– А как же иначе? Все эти поклонники святого искусства, которое они объявили новым богом, это флюс, настоящий флюс на физиономии общества-с! Послушайте, Пётр Андреевич, Шекспир был прав: «так сладок мёд, что, наконец, и горек, избыток вкуса убивает вкус». У нас вкус убивается! Они уже не знают, чем себя взбулгачить, как ещё извратиться и развратиться. Кокаинисты, сектанты, хлысты… Столы вертят повсеместно! Я слышал, даже в царском семействе столы-то крутят. Кстати, что вы скажете о Царе? Прежде, подумайте, что был Царь? Бог на земле-с! Фигура недосягаемая-с! Но которую можно было увидеть как Николая Павлыча, гуляющим по улице! А что теперь? Увидеть-то Царя сложнёхонько, потому что Царь народа боится, а народ ему не верит, а зато сплетней, сплетней! И, вот, Царь становится простым смертным, не божеством, а обычным интеллигентом, даже мещанином, только в короне!
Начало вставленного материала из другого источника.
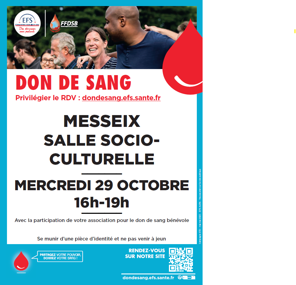 COLLECTE DE SANG – Le 29 OCTOBRE 2025 à MESSEIX

– Не вы ли этому способствуете?
– Мы-с, Пётр Андреевич, мы-с. Мы уничтожаем-с старые мифы и создаём новые – на день, пока не станут скучны-с! А потом можно придумать что-то новое-с! И так до тех пор, пока нарыв не прорвётся, и гной не затопит нас всех, виноватых и правых – не разбирая.
– Скажите, Любовицкий, если вы считаете, что это приведёт к такому исходу, зачем же вы это делаете?
– Исход зависит не от меня-с. Изменить его не в моей власти! Поэтому остаётся только одно: пока не настал он, получить всё, что ещё можно получить от нашей гнусной жизни – а после нас хоть потоп!
– И вам не жаль тех, кого потопит?
– Мне никого не жаль. Мне только, как учёному, любопытно-с наблюдать процесс разложения, фиксировать его этапы. Это ещё не последний этап. Они будут разлагаться ещё лет двадцать, упиваясь своим собственным разложением и воспринимая, вообразите-с, это разложение, как новую истину, за которой они все гоняются. Теперь ведь пророки-с кругом, всякий своё слово несёт, причём несёт глупость чудовищную-с! Слыхали-с вы проповедника с Сивцева Вражка? Нет-с? Послушайте-с! Замечательный субъект! К нему публика собирается: аристократия, интеллигенция, мещане, рабочие – каждой твари по паре. Между прочим, генеральшу Дагомыжскую там видел как-то…
– Вот как? И кто же таков этот ваш проповедник?
– Пётр Андреевич, я просто так информацией не делюсь. Прокомментируете мне дело по его окончании – расскажу вам про проповедника-с. Только мне-с! Чтобы больше ни у кого-с такого материала не было-с!
– Идите к чёрту, Любовицкий!
– Да неужто вам жалко-с? Теперь ведь скрыть ничего нельзя – всё на публику-с несут. А вам по окончании дела жаль пару слов сказать?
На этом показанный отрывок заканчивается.